§ **EXERCISE REQUIREMENTS**: The response should contain only the line with "To vampyr-flagermuse sidder" and every line after it to the end of the listing below, duplicated exactly; no picture belongs in it.

§ **GIVEN ENTRIES**:
────────────────────────────────────────
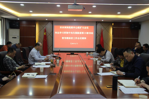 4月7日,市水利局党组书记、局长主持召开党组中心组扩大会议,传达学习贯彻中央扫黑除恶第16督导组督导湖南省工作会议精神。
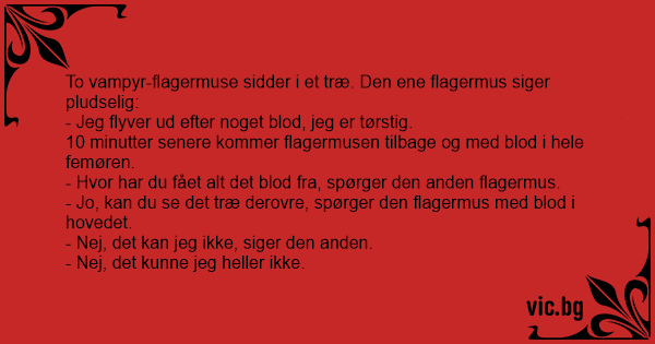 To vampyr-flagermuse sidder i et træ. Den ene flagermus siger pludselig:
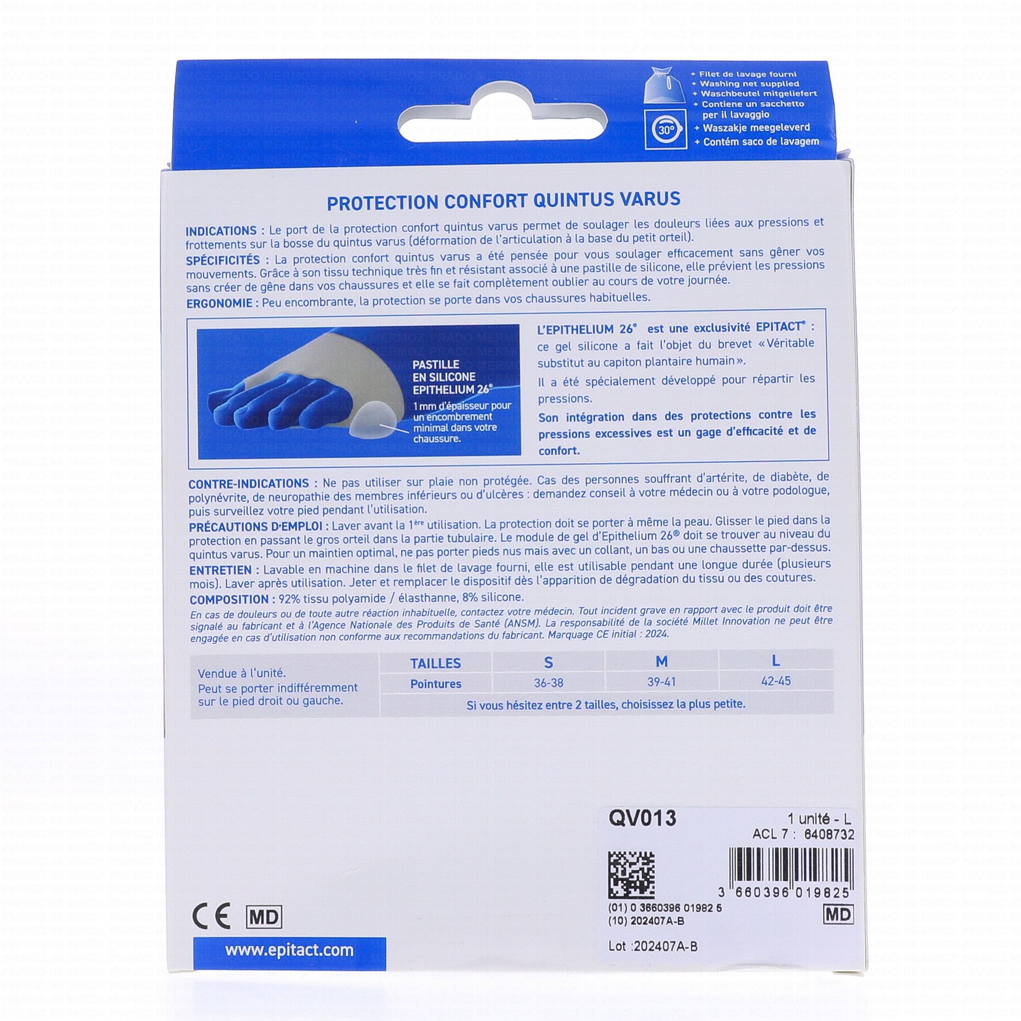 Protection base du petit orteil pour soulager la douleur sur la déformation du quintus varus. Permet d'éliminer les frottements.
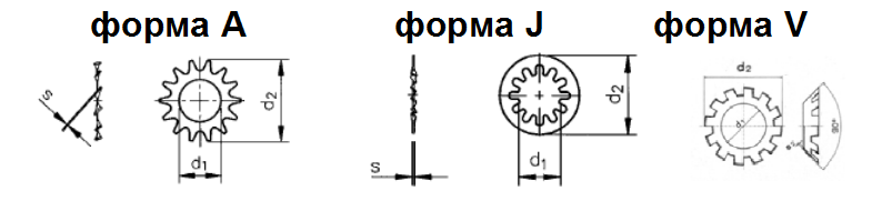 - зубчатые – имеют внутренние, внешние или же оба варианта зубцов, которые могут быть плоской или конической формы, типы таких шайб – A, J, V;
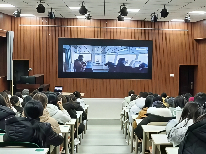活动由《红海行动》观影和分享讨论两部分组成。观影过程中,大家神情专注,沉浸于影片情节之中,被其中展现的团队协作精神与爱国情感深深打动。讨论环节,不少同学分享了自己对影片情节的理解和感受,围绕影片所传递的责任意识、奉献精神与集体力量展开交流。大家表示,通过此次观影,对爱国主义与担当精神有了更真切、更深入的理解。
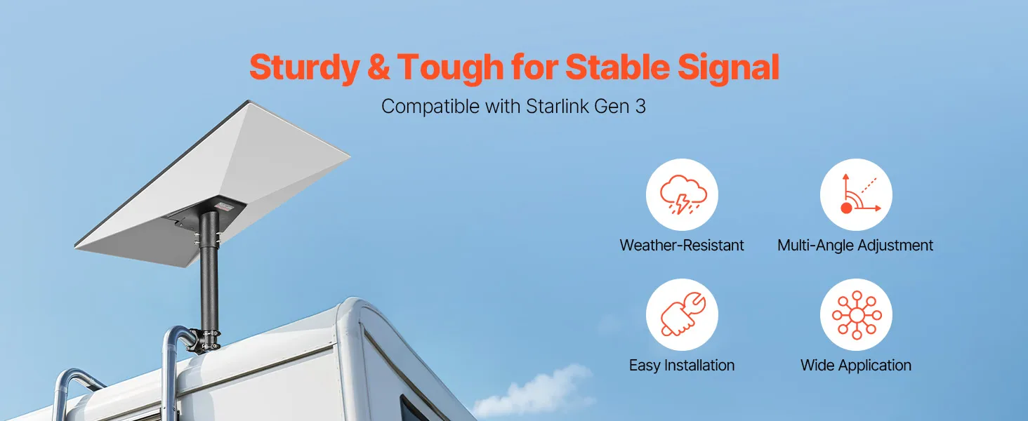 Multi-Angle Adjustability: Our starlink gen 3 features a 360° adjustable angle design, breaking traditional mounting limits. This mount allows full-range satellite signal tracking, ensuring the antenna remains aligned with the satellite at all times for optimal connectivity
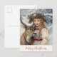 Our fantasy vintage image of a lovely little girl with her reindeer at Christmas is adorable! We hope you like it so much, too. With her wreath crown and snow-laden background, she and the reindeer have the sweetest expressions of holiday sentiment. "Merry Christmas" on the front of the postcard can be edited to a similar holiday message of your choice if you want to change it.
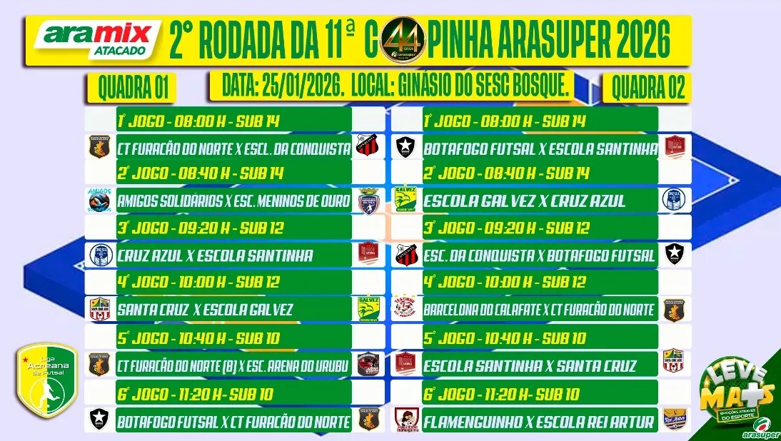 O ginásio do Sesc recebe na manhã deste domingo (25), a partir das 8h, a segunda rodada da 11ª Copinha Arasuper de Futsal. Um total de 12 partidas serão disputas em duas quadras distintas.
────────────────────────────────────────
§ **RESULT FOR THIS TASK**:
 To vampyr-flagermuse sidder i et træ. Den ene flagermus siger pludselig:
 Protection base du petit orteil pour soulager la douleur sur la déformation du quintus varus. Permet d'éliminer les frottements.
 - зубчатые – имеют внутренние, внешние или же оба варианта зубцов, которые могут быть плоской или конической формы, типы таких шайб – A, J, V;
活动由《红海行动》观影和分享讨论两部分组成。观影过程中,大家神情专注,沉浸于影片情节之中,被其中展现的团队协作精神与爱国情感深深打动。讨论环节,不少同学分享了自己对影片情节的理解和感受,围绕影片所传递的责任意识、奉献精神与集体力量展开交流。大家表示,通过此次观影,对爱国主义与担当精神有了更真切、更深入的理解。
 Multi-Angle Adjustability: Our starlink gen 3 features a 360° adjustable angle design, breaking traditional mounting limits. This mount allows full-range satellite signal tracking, ensuring the antenna remains aligned with the satellite at all times for optimal connectivity
 Our fantasy vintage image of a lovely little girl with her reindeer at Christmas is adorable! We hope you like it so much, too. With her wreath crown and snow-laden background, she and the reindeer have the sweetest expressions of holiday sentiment. "Merry Christmas" on the front of the postcard can be edited to a similar holiday message of your choice if you want to change it.
 O ginásio do Sesc recebe na manhã deste domingo (25), a partir das 8h, a segunda rodada da 11ª Copinha Arasuper de Futsal. Um total de 12 partidas serão disputas em duas quadras distintas.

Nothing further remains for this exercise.